[ABOUT THIS EXERCISE] Of the lines in the data below, write out exactly those from the one holding "Die Kinder hatten" through the one holding "Trägerplatte zur Aufnahme", both included.

[SOURCE INFORMATION]
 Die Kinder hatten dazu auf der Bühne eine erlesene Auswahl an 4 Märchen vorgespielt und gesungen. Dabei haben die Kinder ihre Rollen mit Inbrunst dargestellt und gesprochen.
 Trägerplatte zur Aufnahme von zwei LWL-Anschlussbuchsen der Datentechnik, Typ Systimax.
--
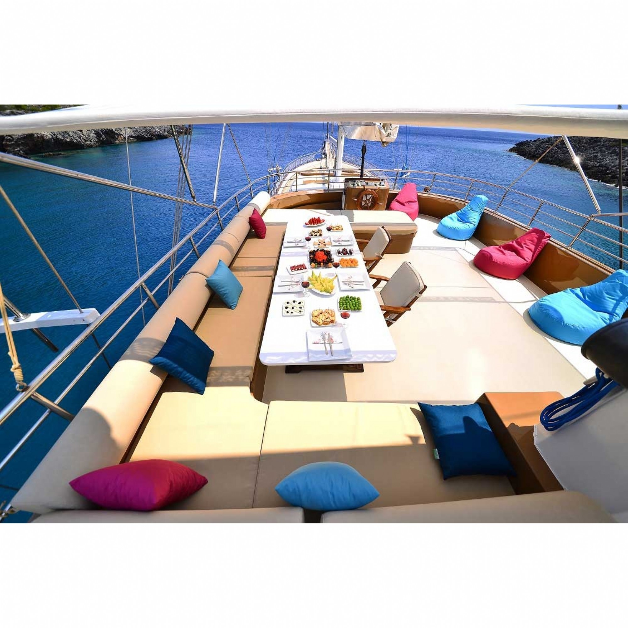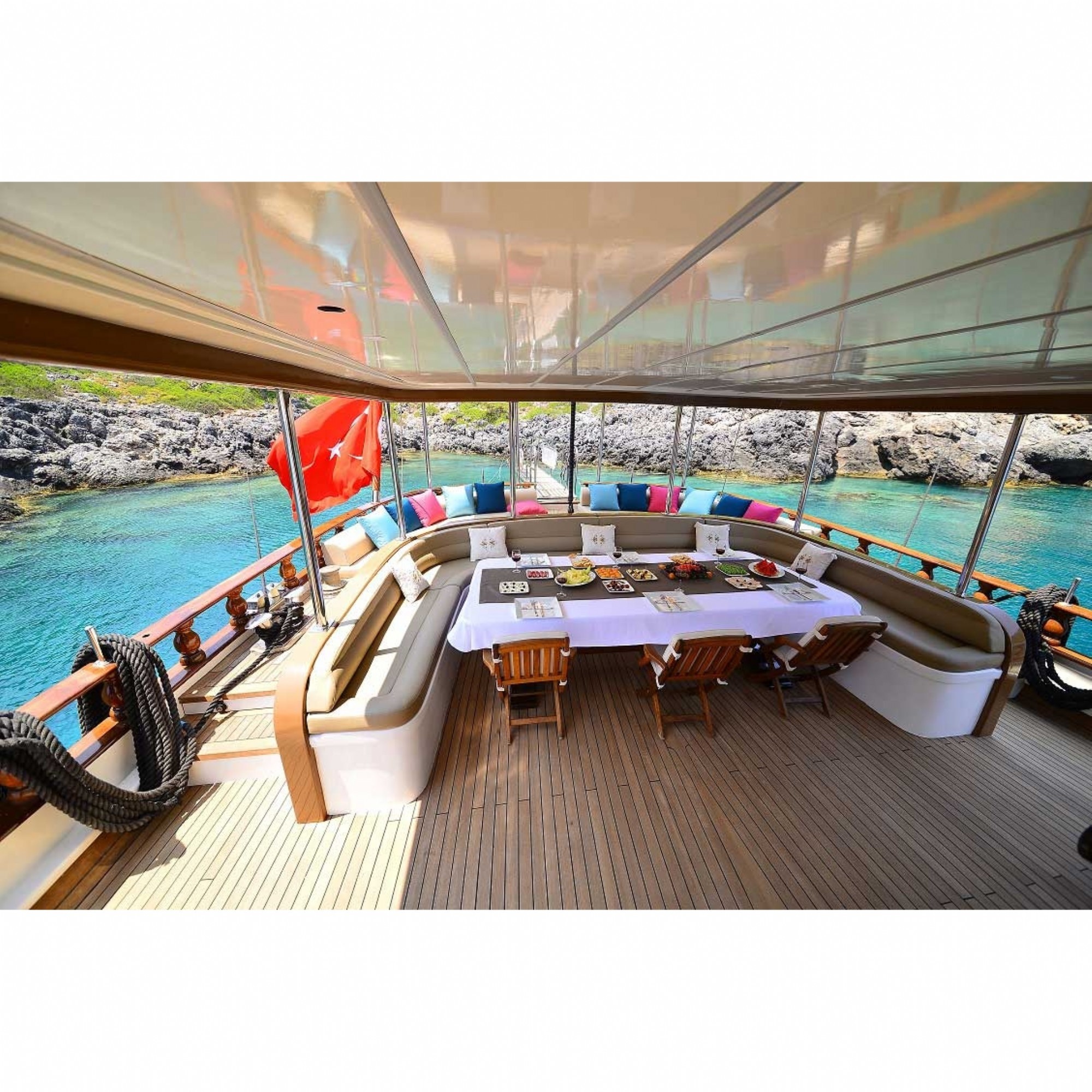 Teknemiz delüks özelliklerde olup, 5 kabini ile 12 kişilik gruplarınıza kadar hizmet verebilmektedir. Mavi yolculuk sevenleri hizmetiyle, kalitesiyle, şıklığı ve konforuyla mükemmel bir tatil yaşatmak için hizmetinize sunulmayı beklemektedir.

[ANSWER TO THE EXERCISE]
 Die Kinder hatten dazu auf der Bühne eine erlesene Auswahl an 4 Märchen vorgespielt und gesungen. Dabei haben die Kinder ihre Rollen mit Inbrunst dargestellt und gesprochen.
 Trägerplatte zur Aufnahme von zwei LWL-Anschlussbuchsen der Datentechnik, Typ Systimax.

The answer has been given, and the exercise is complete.